#### How to complete this task:
Make an exact copy of the entries, and keep any pictures out of it.

#### Source data:
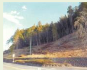
富岡 5 里山再生事業
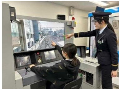
運転士シミュレータ
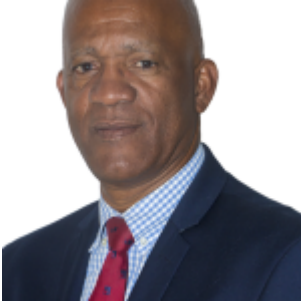
Jules OTTO, Maire de Vieux-Habitants
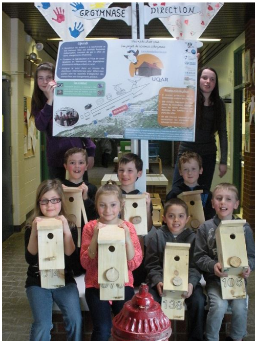
Des élèves de l'école de la Rose-des-Vents présentent leurs niochors.

professeurs de l'Université du Québec à Rimouski, effectueront le suivi chronologique de la période de reproduction de différentes espèces d'oiseaux migrateurs de la région immédiate de Rimouski. L'objectif du projet est de mieux connaître la capacité des oiseaux à s'adapter aux changements climatiques, dans une optique de sensibilisation des enfants aux conséquences de ces perturbations de l'environnement sur la biodiversité.
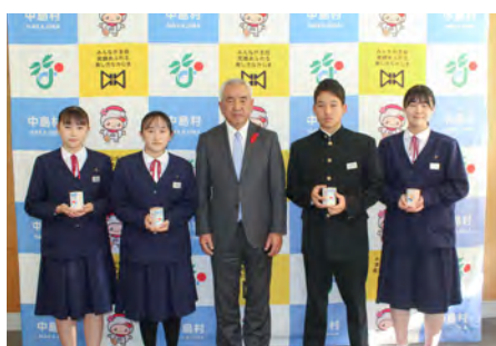
中島中学校生徒会
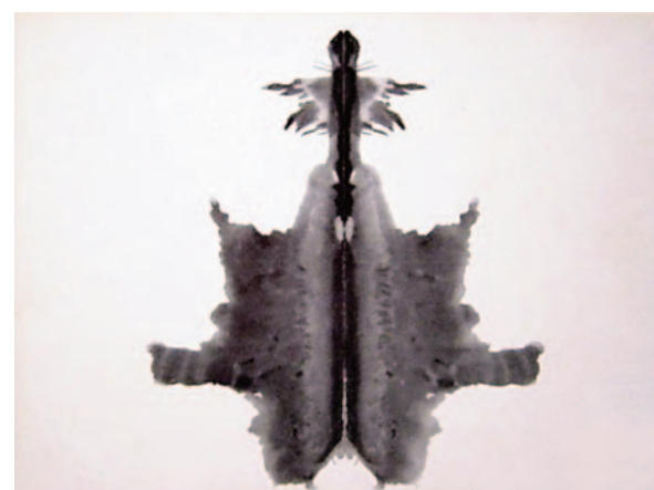
Plaat 6 van de rorschachtest.

De universeel aan deze prent toegekende betekenis maakt hem tot seksuele prent par excellence . Het Grote detail bovenaan evoqueert een fallisch symbool, het Kleine in het midden een vaginaal. Een moeiteloze of zelfs euforische interpretatie van deze sneden toont een (hetzij vrouwelijke hetzij mannelijke) seksualiteit die is aanvaard en geïntegreerd in de persoonlijkheid. (Bijvoorbeeld: onderste helft van het Groot detail: een mooi en rijk dal omringd door ronde heuveltjes). Tekenen van seksuele problemen bij het subject: een weigering om te interpreteren, antwoorden met een angstige lading (bijvoorbeeld een in twee gesneden dier), een uitbreiding van de seksuele symboliek van eerdere prenten, vooral rondom die met een centrale lijn ('vuiligheden'). Groot detail beneden: hoofd van een koning = problemen met gezag, ambitieus. Middellijn: projectiel of schip dat aarde, zee of lucht doorklieft = paranoïde of homoseksuele neigingen. Klein heldergrijs detail in het midden: nest, eitje = infantiele regressie dan wel preoccupatie met de voortplanting. 19
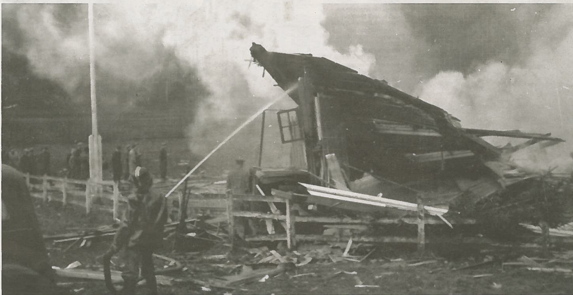
LITE IGJEN Å REDDE: Sandefjord Brannvesen kunne lite gjøre etter eksplosjonen, uten å slukke der det kom røyk. Flaggstangen ble som vi ser merkelig nok stående.

#### Task result:
富岡 5 里山再生事業
運転士シミュレータ
Jules OTTO, Maire de Vieux-Habitants
Des élèves de l'école de la Rose-des-Vents présentent leurs niochors.

professeurs de l'Université du Québec à Rimouski, effectueront le suivi chronologique de la période de reproduction de différentes espèces d'oiseaux migrateurs de la région immédiate de Rimouski. L'objectif du projet est de mieux connaître la capacité des oiseaux à s'adapter aux changements climatiques, dans une optique de sensibilisation des enfants aux conséquences de ces perturbations de l'environnement sur la biodiversité.
中島中学校生徒会
Plaat 6 van de rorschachtest.

De universeel aan deze prent toegekende betekenis maakt hem tot seksuele prent par excellence . Het Grote detail bovenaan evoqueert een fallisch symbool, het Kleine in het midden een vaginaal. Een moeiteloze of zelfs euforische interpretatie van deze sneden toont een (hetzij vrouwelijke hetzij mannelijke) seksualiteit die is aanvaard en geïntegreerd in de persoonlijkheid. (Bijvoorbeeld: onderste helft van het Groot detail: een mooi en rijk dal omringd door ronde heuveltjes). Tekenen van seksuele problemen bij het subject: een weigering om te interpreteren, antwoorden met een angstige lading (bijvoorbeeld een in twee gesneden dier), een uitbreiding van de seksuele symboliek van eerdere prenten, vooral rondom die met een centrale lijn ('vuiligheden'). Groot detail beneden: hoofd van een koning = problemen met gezag, ambitieus. Middellijn: projectiel of schip dat aarde, zee of lucht doorklieft = paranoïde of homoseksuele neigingen. Klein heldergrijs detail in het midden: nest, eitje = infantiele regressie dan wel preoccupatie met de voortplanting. 19
LITE IGJEN Å REDDE: Sandefjord Brannvesen kunne lite gjøre etter eksplosjonen, uten å slukke der det kom røyk. Flaggstangen ble som vi ser merkelig nok stående.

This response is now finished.